** Opening Exercise data block **

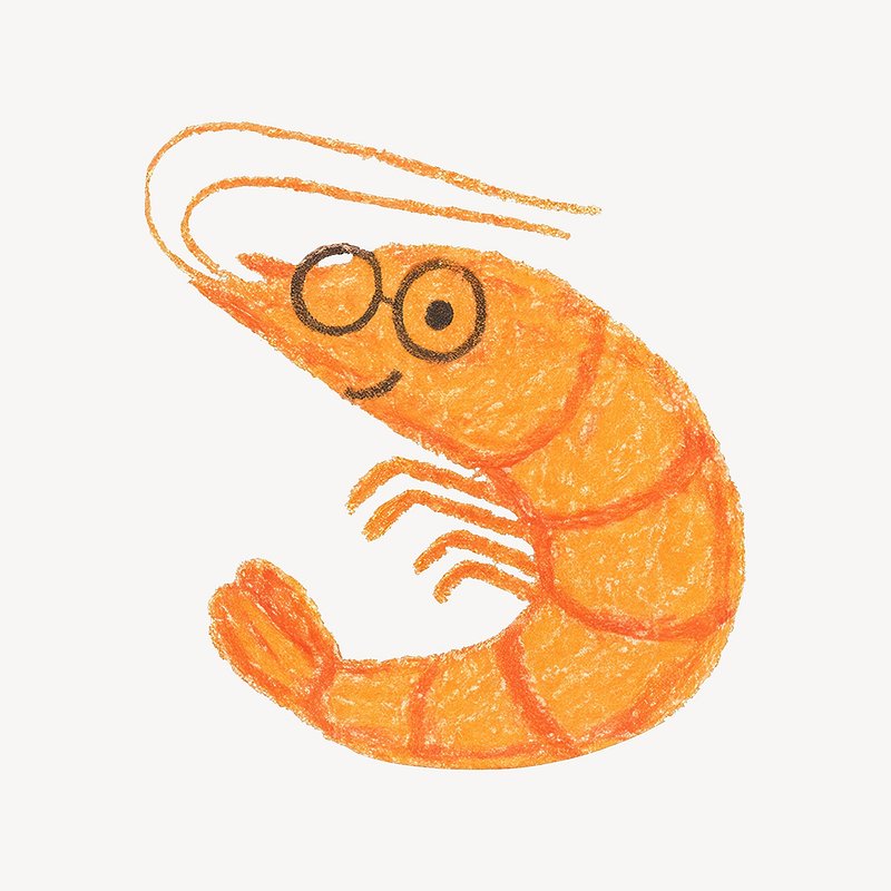 Cute shrimp illustration with glasses. https://www.rawpixel.com/image/24788665/cute-shrimp-illustration-with-glassesView license
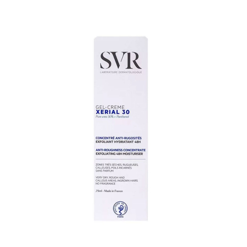 SVR Xerial Gel-Crème Concentré : Soin intensif anti-rugosités pour une peau plus lisse et hydratée. Enrichi en urée pure à 30 %, il exfolie, adoucit et nourrit les zones très sèches dès la première application. Convient aux peaux sensibles.
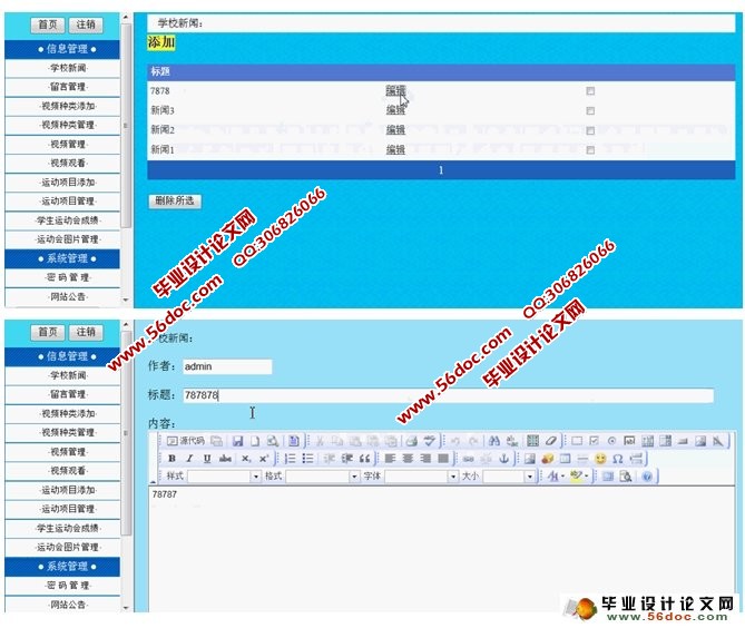 输入管理员的姓名和密码后,进入后台管理页面。后台管理页面主要包括:学校新闻管理、留言管理、运动项目管理、学生运动会成绩管理、图片管理、公告管理、密码管理、视频管理等模块。
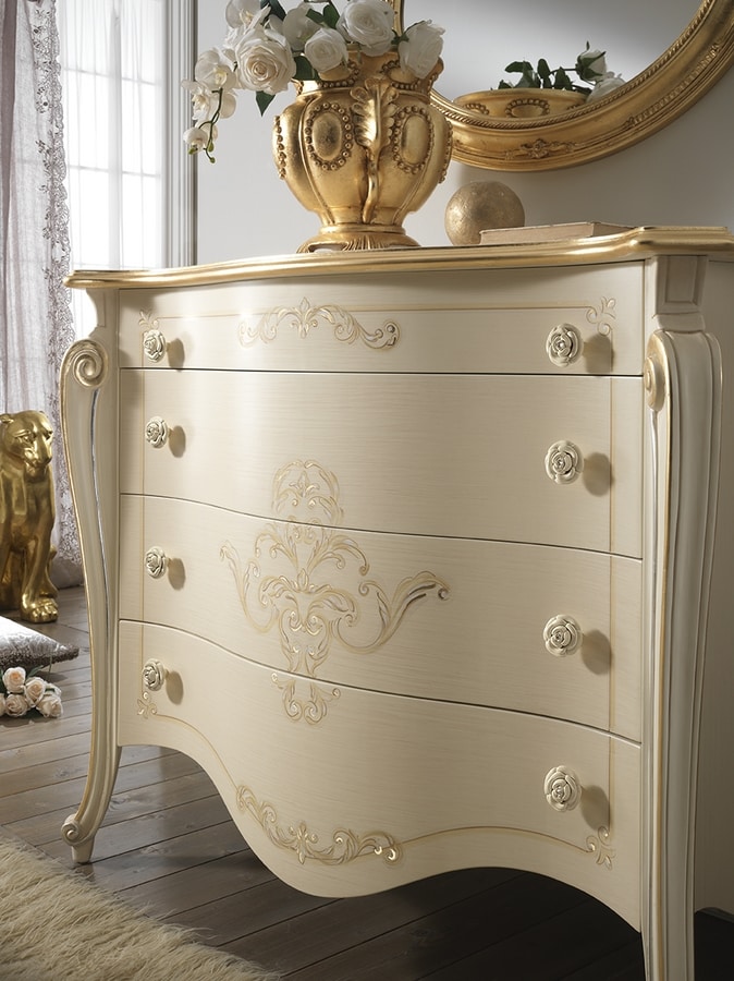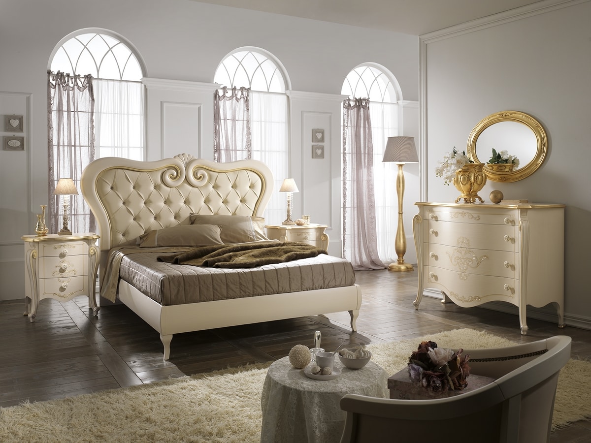 Chanel-Schlafzimmer Von Hand patiniert, bestehend aus: 3 Schwebetürenschrank mit Innenausstattung inklusive: nr. 3 Regale Saft. 36 mm, Nr. 5 Kleiderbügelrohre und nr. 1 Kommode mit 3 Schubladen. Kommode plus zwei Nachttische. Bett mit patiniertem Kopfteil mit Blattgoldprofil und beiger Öko-Lederpolsterung mit Swarovski-Einsätzen. Niedriger Bettrahmen aus patiniertem Holz. Spiegel enthalten.
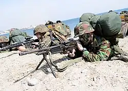 The Daewoo Precision Industries K3 is a South Korean light machine-gun. It is the third indigenous firearm developed in South Korea by the Agency for Defense Development, following the K1 and K2 assault rifles. It is manufactured by Daewoo Precision Industries, current SNT Motiv.[1] The K3 is capable of firing both 5.56×45mm NATO and .223 Remington rounds like the K2 assault rifle. The K3 light machine gun entered service in 1989, replacing the M60 machine gun in frontline use.[2]
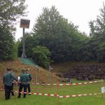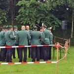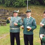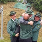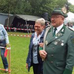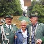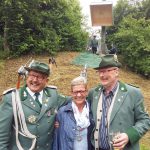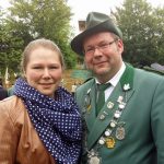 Zum Mikrofon musste Hochstein dann aber doch nicht greifen. Hans Cosack, der beim Aufstehen noch nichts von seinem Glück geahnt hatte und nur instinktiv eine schwarze Hose angezogen hatte, lieh sich vom Hauptmann den Schützenhut und ging unter die Stange. Der Vogel war schnell gerupft, um 13.08 Uhr flog der letzte Span in die Tiefe. Der 63-jährige selbständige Kaufmann, der auf der Glösinger Straße einen Wildhandel betreibt, konnte jubeln. Der neue König ist zwar Oeventroper, aber Mitglied der Uentroper Schützen, denn seine Frau Andrea stammt aus der alten Uentroper Schützendynastie Drepper. Sie war bereits 1983/84 Uentroper Königin und auch Uentroper Kaiserin im 100-jährigen Jubiläumsjahr.
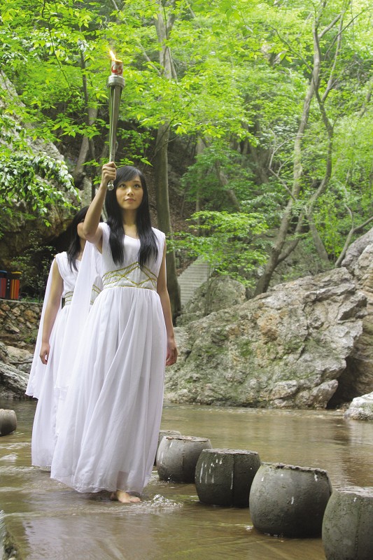 图②圣女们带着圣火,踩着山间清泉,沿着长满野花的小径前行。
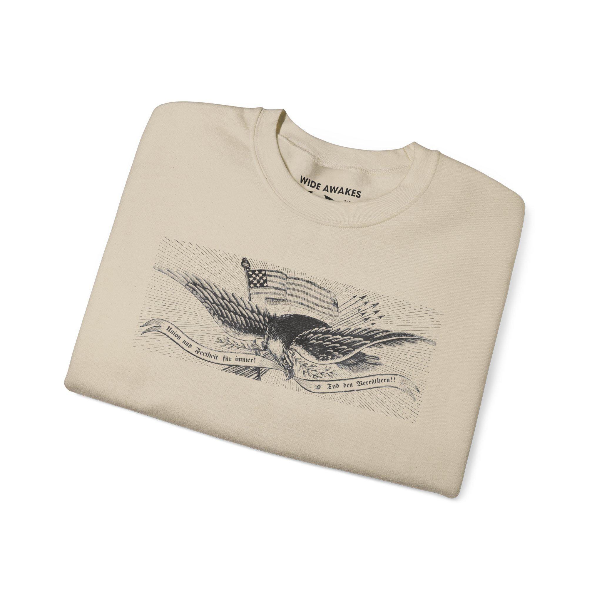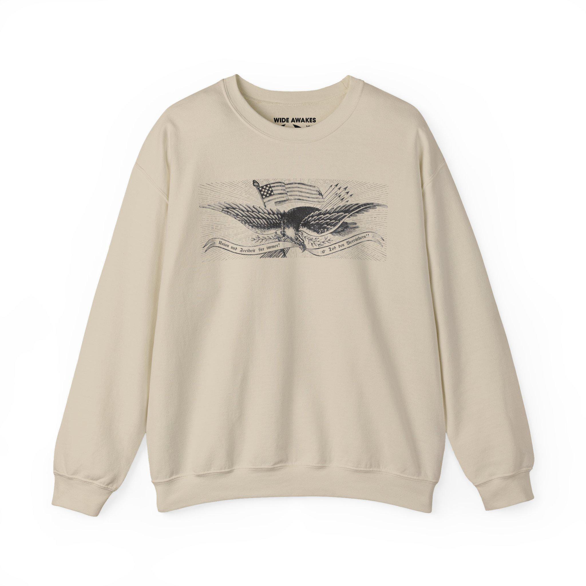 Stay warm this fall with a cozy crewneck sweatshirt that tells a powerful story of immigrant patriotism and radical politics. The design is the central eagle illustration from a rare German-language Civil War recruitment poster. The eagle carries a flag topped with a revolutionary Phrygian cap and a banner proclaiming "Union und Freiheit für Immer! Tod den Verräthern!" This imagery speaks directly to the "Forty-Eighter" Germans who saw the Union cause as a continuation of their own fight for freedom. It's a comfortable and deeply meaningful piece of wearable history.
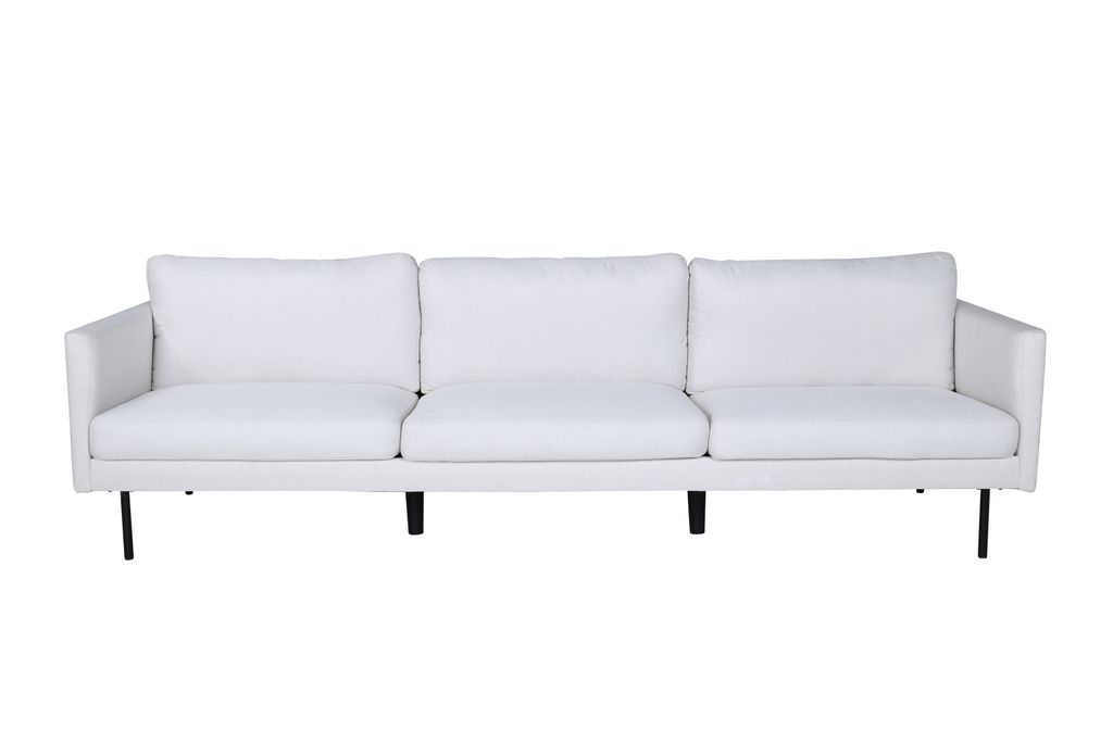 Lyxig och modern 3-sits soffa i ljusbeige med smala svarta metallben. Perfekt kombination av stil och komfort.

** Closing Exercise data block **

### Prompt:
Set down exactly the lines above, from the line containing "SVR Xerial Gel-Crème" through the line containing "Chanel-Schlafzimmer Von Hand". Skip the pictures.

### Result of this exercise:
 SVR Xerial Gel-Crème Concentré : Soin intensif anti-rugosités pour une peau plus lisse et hydratée. Enrichi en urée pure à 30 %, il exfolie, adoucit et nourrit les zones très sèches dès la première application. Convient aux peaux sensibles.
 输入管理员的姓名和密码后,进入后台管理页面。后台管理页面主要包括:学校新闻管理、留言管理、运动项目管理、学生运动会成绩管理、图片管理、公告管理、密码管理、视频管理等模块。
 Chanel-Schlafzimmer Von Hand patiniert, bestehend aus: 3 Schwebetürenschrank mit Innenausstattung inklusive: nr. 3 Regale Saft. 36 mm, Nr. 5 Kleiderbügelrohre und nr. 1 Kommode mit 3 Schubladen. Kommode plus zwei Nachttische. Bett mit patiniertem Kopfteil mit Blattgoldprofil und beiger Öko-Lederpolsterung mit Swarovski-Einsätzen. Niedriger Bettrahmen aus patiniertem Holz. Spiegel enthalten.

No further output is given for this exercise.